| DATASET CONTENT |
[Start of Attachment]

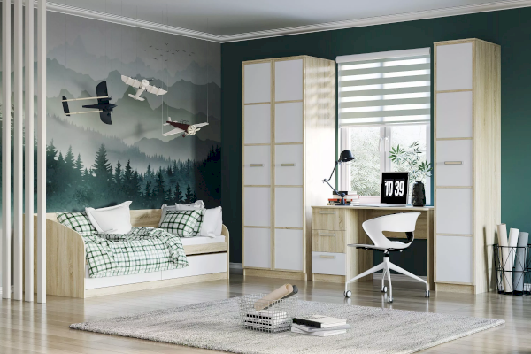 Письменный стол НМ 011.47-01 М2 поможет обустроить комфортный учебный уголок в детской. На рабочей поверхности модуля достаточно места для размещения не только письменных принадлежностей, но и ноутбука. Закругленные углы столешницы делают эксплуатацию модуля безопасной для ребенка. По окончании занятий ребенок сможет убрать книги и тетради в выдвижные ящики для поддержания порядка на рабочем месте.
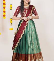 Beautiful south indian style semi-stitched half saree with embroidered blouse and rangoli dupatta for women
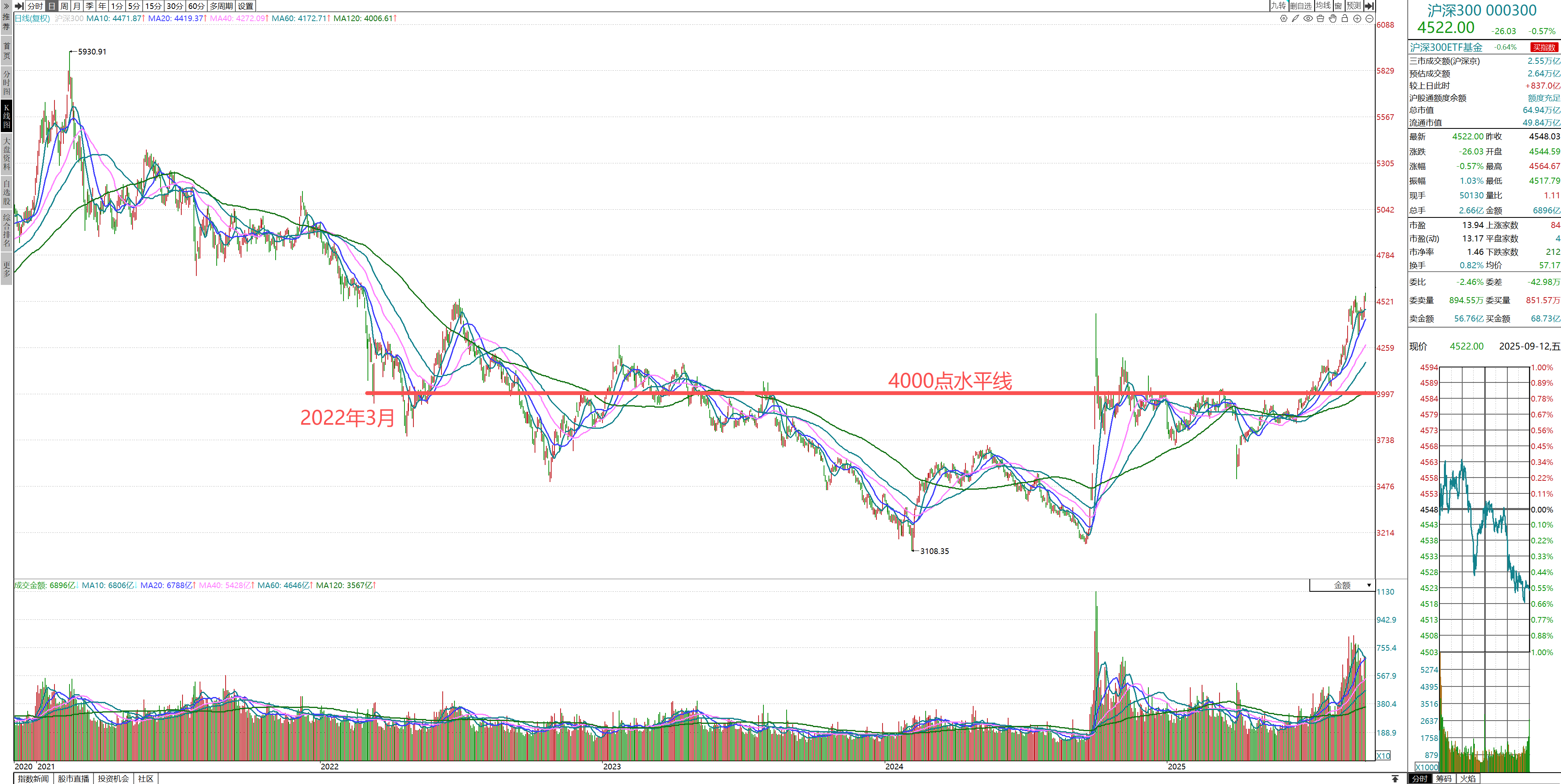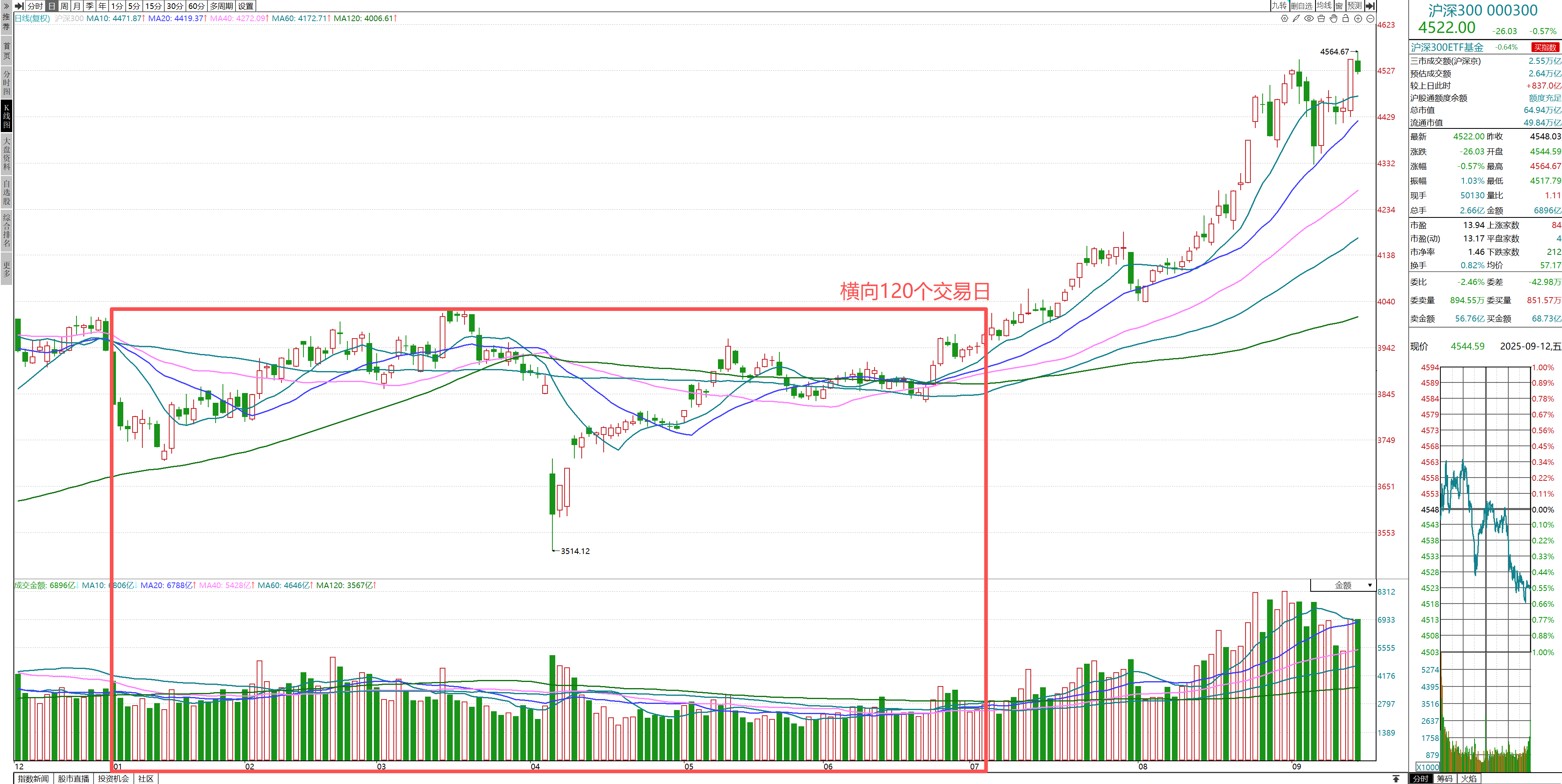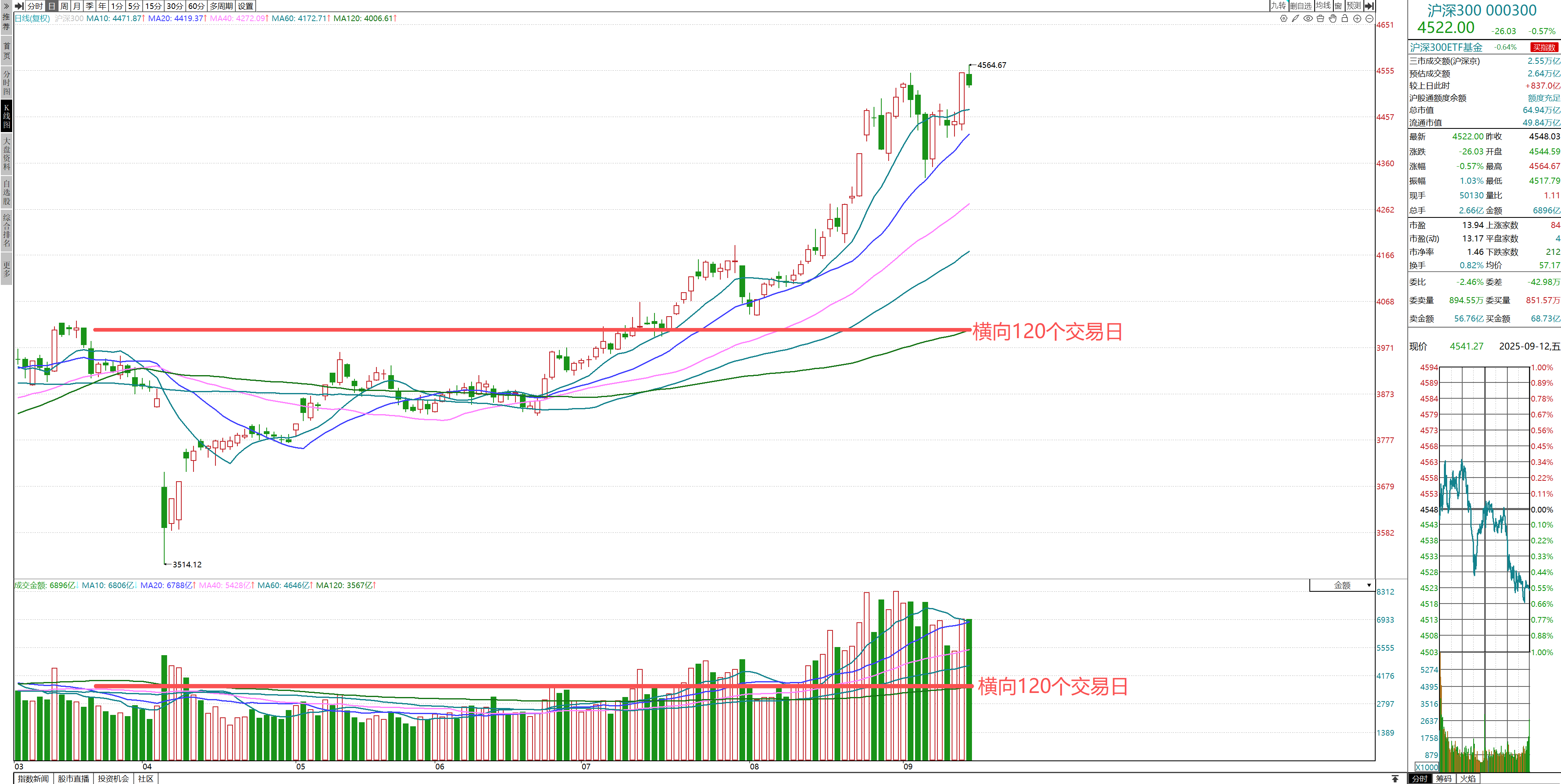 行情会以怎样的方式呈现,其实都是走过后,回头看,才是一清二楚的。在一个充满着无数的变化和各种可能性的股票市场里头,最好能够主动地积极地平滑微观波动,顺应宏观大趋势,才能够以不变应万变。就技术角度而言,沪深300指数自2022年3月跌穿4000点以后,反复多次穿梭于4000点上下,如今历经3年多的时间后,再将指数跃升在4000点之上,且经过近1年多的时间,反复夯实和整固,已然构建出了3年大底形态,并且有着显著的底部向上突破后抬升走趋势发展的技术态势。纯技术关系分析,我们早早就说明7月份具有向上突围后,发展日K线的有序多头涨势行情。以7月3日,向上促使120日周期扣低走高而上行后,指数持续向上拓进,扩张120日周期的绝对上涨基础,开启了长周期的涨势路径。特别是7月17日增量促使120日均量线扣低走高,经过10.95天的确立后,更是给120日周期的涨势关系,带来了长达半年之久的技术基础。通常而言,在没有出现震荡或回调,造成120日周期涨势关系转变之前,都可以保有长多涨势路径,来看待行情的演变和发展。就当下的行情发展进程,显然还处于半年周期涨势行情的早期阶段,远远不到担忧于波动会改变这一涨势关系的时候。无论是以7月3日120日均价线实现上行后持续发展的时间节点来预估,还是以7月17日实现120日均量线的涨势行为后来预判,都可以积极看待120日周期的长多涨势行情的发展态势。而且要应用这样的条件,来观察短期市场波动,以把握行情演变的节奏。以上述关系分析思考短期市场行情,微观变化如何应对,就需要有这样的宏观基础来支持,否则就很容易陷入无尽的微观变化带来的困境之中。从半年周期的宏观涨势结构中,我们恰恰更乐于见到任何形式的回调和波动行为,反而可以主动积极的寻求低接布局的投资交易安排。逻辑上来讲,回调就是买。只是要如何把握和顺应市场波动节奏,又要以怎样的仓位水平来配置仓位,还要在哪些领域作出积极的投资安排,这些都是可以基于自己的认知,来作出合理的规划。知己知彼,定然可以百战不殆。依照我们对微观和宏观结构的分析预判,仍然给出积极且大胆的判定。微观行情,唯有增量,方可解忧。但增量推升,难以持久,仍然会面临缩量调整之忧,持续推升无力,震荡滞涨依然会面临短期技术修整的需求。我们予以收敛量能,来重整短期结构的发展预期。但无惧于回撤,甚至会向下寻求较深的稳定效应,都不要担心会持续跌穿60日均价线而不回头。只有反复折腾震荡,无力维系60日周期的涨势关系,即时才会面临比较大的考验,否则敢跌落回踩或打穿60日均价线,都是大跌大买的绝佳契机。事实上,就当前中长多基础而言,仍然具有稳定于40日均价线之上的技术基础,还远远不必惧怕会持续向下回踩或打穿60日均价线,只是一旦展开20日周期的技术调整,的确也时常会出现快速打穿40日均价线,并踩到60日均价线的演变过程。所以,就短期市场调整而言,并不排除上述可能情况,但如此变化,反倒我们是鼓励大家在回踩或打穿40日均价线后,还继续往下逼近60日均价线的位置,其实已经要主动买进,甚至积极买套的交易策略了。当然,这一切都是基于不会因为回落而改变60日周期的涨势,自然也不会影响120日周期的涨势关系。而是否能够保有中长多的涨势基础,无疑,就是在量潮大小、价格高低、时间和空间关系上,保持动态的分析和研究。可以大胆分析,小心求证,但不要刻舟求剑,固守成规。建立在上述分析预判的基础之上,基于当下的时间节点,我们仍然可以积极看待未来78天的长多发展路径,但这一关系会随着时间和空间发展动态变化,需要实时分析和纠偏。由此则意味着,有望在未来4个月里头,都保有着长多的发展路径。操作上,就可以如此考量。这也意味着本年度接下来的几个月里头,都有望维持宏观涨势关系。那么后续的行情发展,是持续延展当前的市场热点,还是会随着时间发展出新的炒作方向,又会在第四季度及年末出现怎样的市场投资预期,都是可以早早思考和作出自我认知的预判。以我们当下对市场的观察,仍然会偏于科技成长领域,尤其是围绕AI领域的投资,会持续保有高人气效应,特别是在AI应用领域有望得到扩散。而随着时间逼向年末,资金也会自然的偏向业绩驱动的发展逻辑,对于蓝筹类高分红类的股票,都有望获得资金青睐。另外,随着美联储降息开启,会持续影响全球资本对人民币资产的吸引力,也会形成通胀的投资预期。这在资源上,已经形成资金的共识,仍然具有持续的投资参与条件。同样是往业绩驱动及全球资本共识方面考虑,对于白马类股票,也可以积极观察配置条件。总之,短震长多。无忧于市场波动,但应管理个人投资交易节奏,应对跌宕和潜在超预期的个体风险。投资方向,持续聚焦科技成长、资源有色、金融白马等多领域的投资机遇,越是往年末发展,越要增强业绩驱动逻辑,并积极寻求构建组合配置关系。具体到个股的选择和操作上,始终要明白,不和跌势股为伍,不拿垃圾股,不玩题材,不玩概念,不听消息,不要幻想,遵循“周线为主,唯量是问,四个条件,趋势为王,汰弱留强,每日归零”的原则,来审视和积极应对市场的变化与发展。

[End of Attachment]

| EXERCISE REQUIREMENTS |
Repeat the listing above from its first line through the line that contains "Beautiful south indian", both included, and nothing more. Drop the pictures.

| SOLUTION TO THE EXERCISE |
 Письменный стол НМ 011.47-01 М2 поможет обустроить комфортный учебный уголок в детской. На рабочей поверхности модуля достаточно места для размещения не только письменных принадлежностей, но и ноутбука. Закругленные углы столешницы делают эксплуатацию модуля безопасной для ребенка. По окончании занятий ребенок сможет убрать книги и тетради в выдвижные ящики для поддержания порядка на рабочем месте.
 Beautiful south indian style semi-stitched half saree with embroidered blouse and rangoli dupatta for women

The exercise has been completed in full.